I was lucky, then, for the first time in a long time. My husband had decided to tell my parents about my “condition” a few days before. They only lived a few hours away and my mother had decided, all on her own, that she and my father were going to stage an intervention. Up until that day, I had hung up on all of her phone calls. Now I knew I needed my family more than ever. That realization saved my life. On the day they showed up, I had a seizure.

All I lost

Over the next year, I was tapered off benzos at a reputable addiction treatment center. At the same time, I continued my therapy but with an addiction specialist. I was told that the fact that my increasing dependency on benzos hadn’t been a red flag to my GP and my former psychiatrist was alarming. When I finished the program, it felt like I had lost the last three years of my life. While I was in treatment, my husband filed for divorce. He wouldn’t even be alone in the same room with me. Still, I had seen the divorce coming for months. I could handle that. More than anything, I didn’t want to lose my children.

Now, because of my addiction, I am divorced. I am still fighting for more than visitation with my children. I’ve even lost the home I put my life savings into – because it was in my husband’s name. I’m staying with my parents for now, and I don’t think they’ll ever look at me the same way again.

The danger of benzodiazepine addiction

In my life post-treatment, things aren’t all bad. I’ve made a few new discoveries. After attending group therapy and meeting more than a dozen women with experiences almost identical to mine, I’ve realized how deep the benzo problem goes.

Benzodiazepines, including Xanax, Ativan, Klonopin, and Valium, are the most prescribed class of drug in the United States of America. It’s one of the main reasons we’ve been labeled “the most anxious nation.” When they were first introduced in the 60s, benzos seemed like a good idea. They were effective at treating everything from sleeplessness to depression, chronic anxiety and muscle tension.

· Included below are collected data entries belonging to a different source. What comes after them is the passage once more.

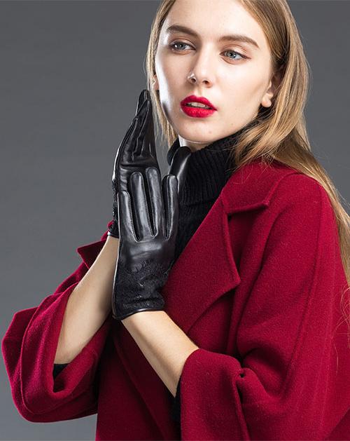 Găng tay nữ da cừu phối lông BHY5608 Lót lông siêu ấm, size M L XL
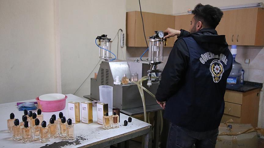 Sahte parfümün yapıldığı bir makineye de el koyan güvenlik güçleri, olayla ilgili 4 kişiyi gözaltına aldı.
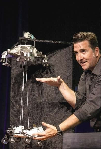 当地时间2012年8月2日,施特尔茨纳在新闻发布会上利用模型讲解着陆火星时的关键步骤。
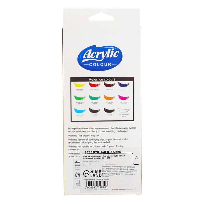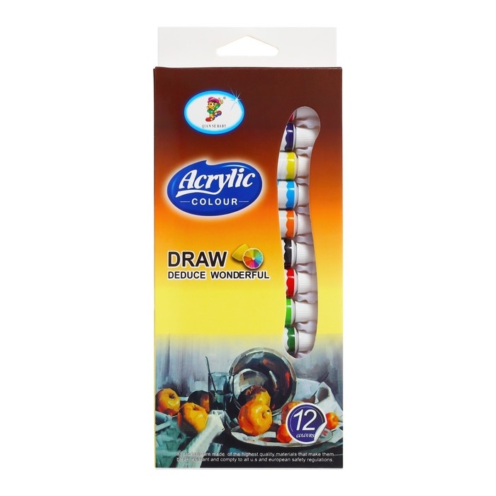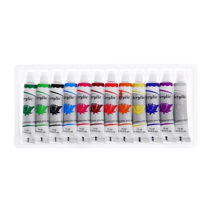 Краски акриловые, 12 цветов, в пластиковой тубе, 12 мл, в картонной коробке

Since then, more long-term studies have been conducted. While short-term or one-time use of a benzodiazepine medication might be okay, chronic use has been correlated with cognitive decline, even after use of the medication has stopped. It has even been suggested that benzos, if taken for long periods of time and at a higher than recommended dose, may trigger a form of Alzheimer’s disease. Benzodiazepine detox, even on low doses, is also very dangerous. Seizures, like mine, are far from rare. Hallucinations, panic attacks, tremors, and tics are very common when going cold-turkey. This can also be deadly. Always get help before you begin your detox.

How one addiction can lead to another

Again, addictions come in a variety of forms. I was addicted to benzos, but any addiction is dangerous. As more inquiries are made into the nature of addiction, studies have begun to suggest that as much as 47% of the US adult population has experienced some level of addiction in the past year.

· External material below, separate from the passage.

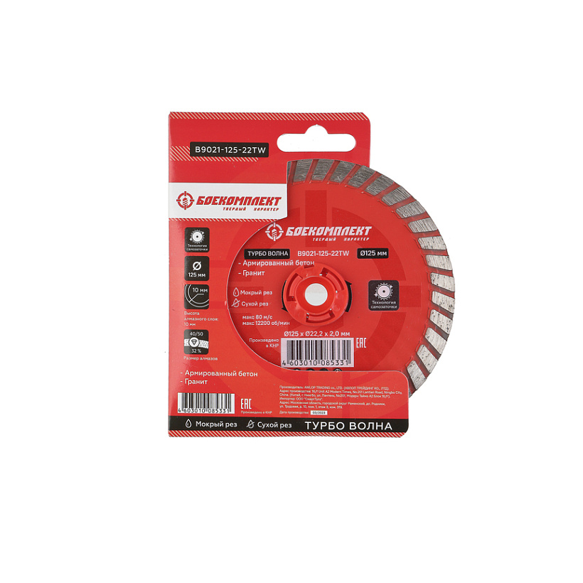 Алмазный диск 125x22,23 ТУРБО ВОЛНА, сухой рез, БОЕКОМПЛЕКТ

That addictive behavior may have developed from a habit over time, or been picked up as a previous addiction was cast aside. In fact, replacing one addiction with another is a common practice. An addictive obsession with weight loss can turn into alcoholism. Giving up smoking can become an unhealthy addiction to junk food. The first step to beating an addiction, and avoiding another in the future, is recognizing addictive behavior and habits that may become addictions.

How to address an addiction

Above all, it’s important to realize that you can’t cause someone to have an addiction. You can’t blame someone for your own addiction, either. Addiction, no matter what form it takes, is a personal problem. It’s hard to go through but each addict has to do the work to get better and prevent a relapse. Having a support system can help but it won’t cure an addiction on its own. In most successful cases, professional help is necessary.